Exercise data
*** Block opens ***

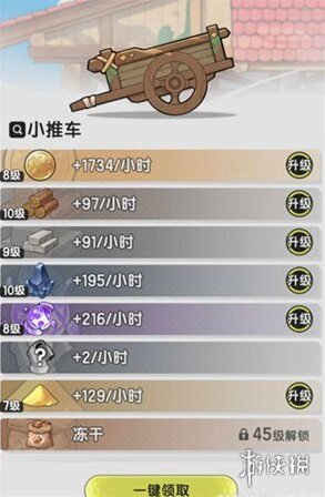 4、小推车系统:即离线资源收益系统,前期资源相对充裕,因此可以先将资源等级平均提升,大约到第三天时,开始重点提升木材和石块的等级,否则其他资源升级材料可能会不足。
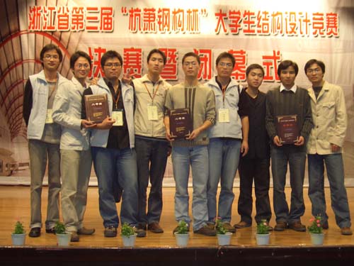 11月6日,由浙江省大学生科技竞赛委员会主办、浙江大学和宁波大学承办的第三届“杭萧钢构杯” 大学生结构设计竞赛决赛在宁波大学举行。全省共有13所高校的39个代表队共计109位大学生参赛了竞赛。由开元集团土木系选派的9名学生分别组成3支参赛队参加了决赛。
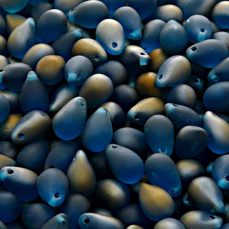 30ks České skleněné mačkané korálky kapky 6x9mm akva/ valentinit polopokov mat
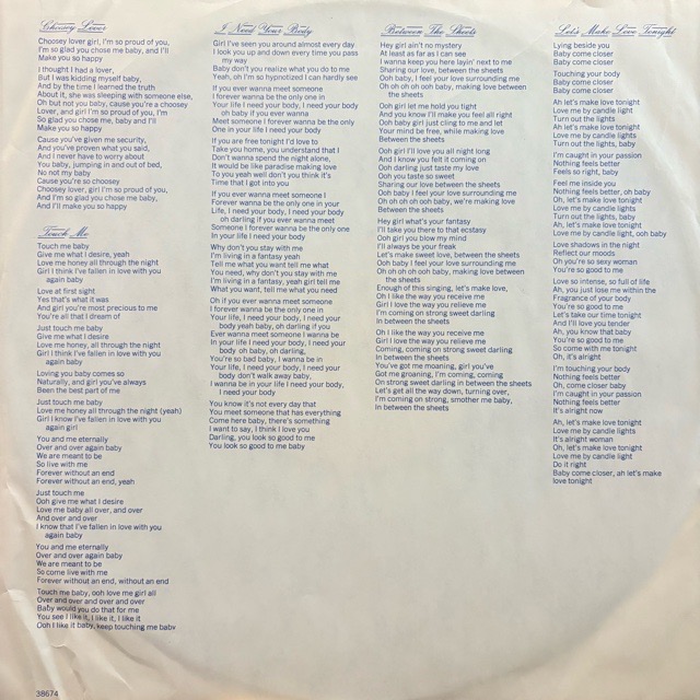 Notorious B.I.G.「Big Poppa」、Keith Murray「Most Beautiful In The World」などのベースとなったメロウクラシックB1「Between the Sheets」を収録!その他、AaliyahがカバーしたアーバンスロウA1「Choosey Lover」、Jay-Z「A Week Ago」で使用したB1「Ballad For The Fallen Soldier」、ロマンティックなA3「I Need Your Body」など収録したアーバンソウル名盤!

*** Block closes ***

Problem to solve
Beginning with the line that contains "11月6日,由浙江省大学生科", write out the lines of the material above exactly, and end with the line that contains "30ks České skleněné". Omit the pictures.

Solution to this task
 11月6日,由浙江省大学生科技竞赛委员会主办、浙江大学和宁波大学承办的第三届“杭萧钢构杯” 大学生结构设计竞赛决赛在宁波大学举行。全省共有13所高校的39个代表队共计109位大学生参赛了竞赛。由开元集团土木系选派的9名学生分别组成3支参赛队参加了决赛。
 30ks České skleněné mačkané korálky kapky 6x9mm akva/ valentinit polopokov mat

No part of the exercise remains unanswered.